Ryan goes from a wunderkind who can do no wrong to having no job — and then, having learned things the hard way, rolls around in the mud to pull a coup on the boss who fired him to get the job of running Clooney’s campaign. You see this character suffer and change.
Clooney could have played his presidential candidate as a straight-up hero, a cartoonish good guy. Once again, Clooney has the guts to play somebody interesting and flawed.
Verdict: Rent it on Netflix at least TWICE, because I say so.
PAUL NEWMAN AND ELIZABETH TAYLOR IN SOME FILM WHERE PEOPLE TALK A LOT
From watching this with the sound off: Paul Newman is a good-looking jerk. He broke his leg, so he lays around the house all day, drinking up the booze and glowering at people. For some reason I never understood, Elizabeth Taylor is completely nice to him the entire time, even after he tries to break her ribs with his crutches.
This movie raised many, many questions in my mind:
First: Why doesn’t Elizabeth Taylor — or whoever owns this house — kick angry Paul Newman to the curb?
Second: Who’s paying for all this booze that Paul drinks?
Third: Does he have a job?
Fourth: Yes, he’s good looking, but does he have blackmail photos of Elizabeth or something? Because being good looking doesn’t usually let you sit around a house for weeks and weeks, drinking all their alcohols while you throw things at your host and act like a total dipstick.
This is a talky movie. There are old people and kids and a birthday cake.
I’m guessing it was a play (CAT ON A HOT TIN ROOF?) before it was a movie, because nobody every drives anywhere and there’s just a few sets. The camera keeps bringing us back to Paul Newman’s bedroom, where he demolishes Elizabeth Taylor’s liquor while giving her the cold shoulder.
She is far too kind in this flick. I would’ve kicked him out of the bedroom, crutches or not, after his first hissy fit.
Also, why is Paul the Newman such an angry drunk? My guess is he was some kind of high school sports jock, sad about the passage of his glory days, because the first scene I saw was Paul at some high school stadium at night, killing a bottle of whiskey or whatever while he throws stuff around before running hurdles. On the last hurdle, he trips up and that’s when he breaks his leg.
I found Paul Newman to be completely unsympathetic. Plugging in the airline headphones wouldn’t change my opinion because he never seemed to say anything anyway.
Note: After firing up the googles, yes, this was CAT ON A HOT TIN ROOF, and the internets say Tennessee Williams, a playwright famous enough to have his OWN STATE, hated this movie adaptation of his play so much that he told people the film would set back cinema for 50 years or whatever.
Verdict: This might be a good movie with the sound on. Who knows? Visually, it was boring.

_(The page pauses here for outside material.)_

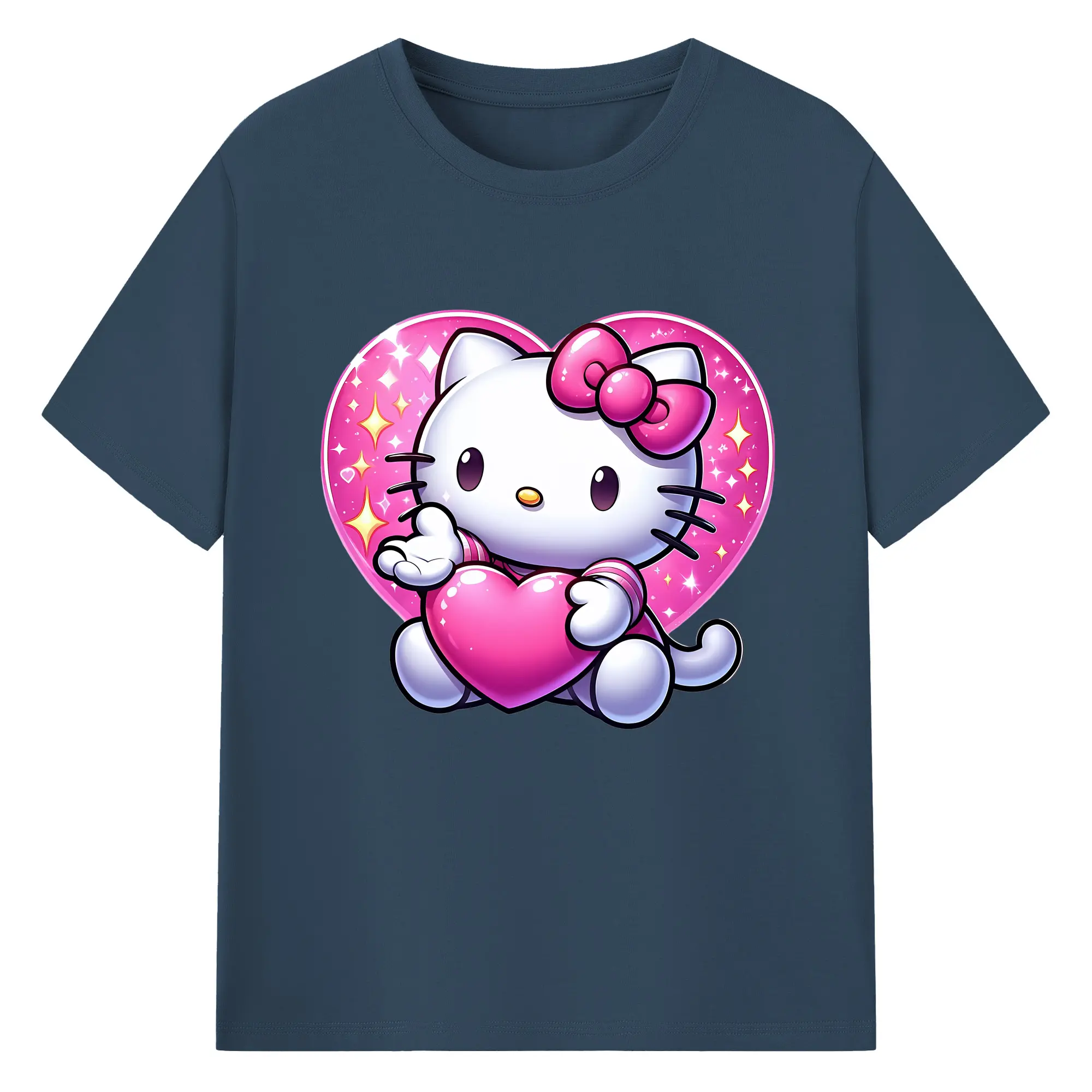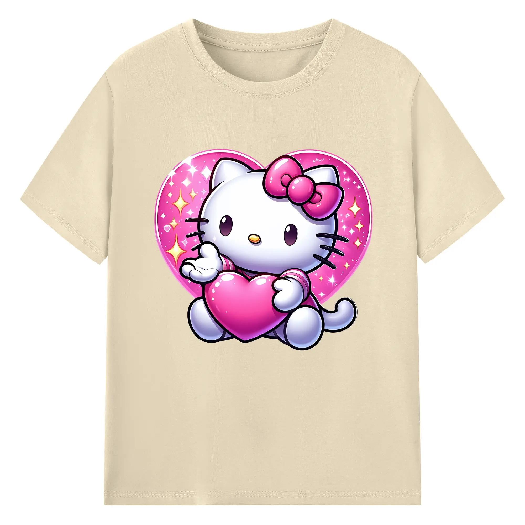 サンリオ グッズ,ハローキティ - 綿100% ヴィンテージ風 半袖Tシャツ ・ フロントプリント ・ 柔らか肌触り ・ 通気性 快適 ・ スポーツ カジュアル 外出用

You’d have to pay me in purple euros to watch it again.
I DON’T KNOW HOW SHE DOES IT
I also watched this with the sound off, peeking every 10 minutes, and that was plenty to understand the plot: Sarah Jessica Parker is a working mom with a husband, kids, a gigantic loft and many, many pairs of shoes. Her boss is Remington Steele / 007, which makes her life even more miserable, right?
It’s a rough life.
There are more than 7 billion people on the planet. Half are women. I bet if you showed this film to moms in Africa who walk miles every morning to fetch drinking water, or moms in China working on assembly lines 14 hours a day, they’d break down and cry at all the hardships that Sarah Jessica Parker has to endure in this movie. Should she spend more time at the office with the suave Pierce Brosnan, more time at home being a wife and a mother or maybe hire another nanny and just not feel guilty about it?

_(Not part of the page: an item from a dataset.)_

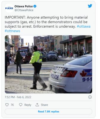 Mimo to policja w Ottawie aresztowała „kilka osób” pod zarzutem "nielegalnego" dostarczanie dóbr materialnych demonstrantom „Konwoju Wolności”.

The climax of this movie, I believe, comes when Sarah Jessica Parker faces the ultimate test: should she pack five pairs of shoes on her business trip or six?
The Hollywood executives who greenlit this turkey should be belted into a 15-hour airplane ride, halfway across the world, while they’re forced to watch this thing five times straight.
Verdict: Kill it with fire. Nuke it from orbit. No mercy.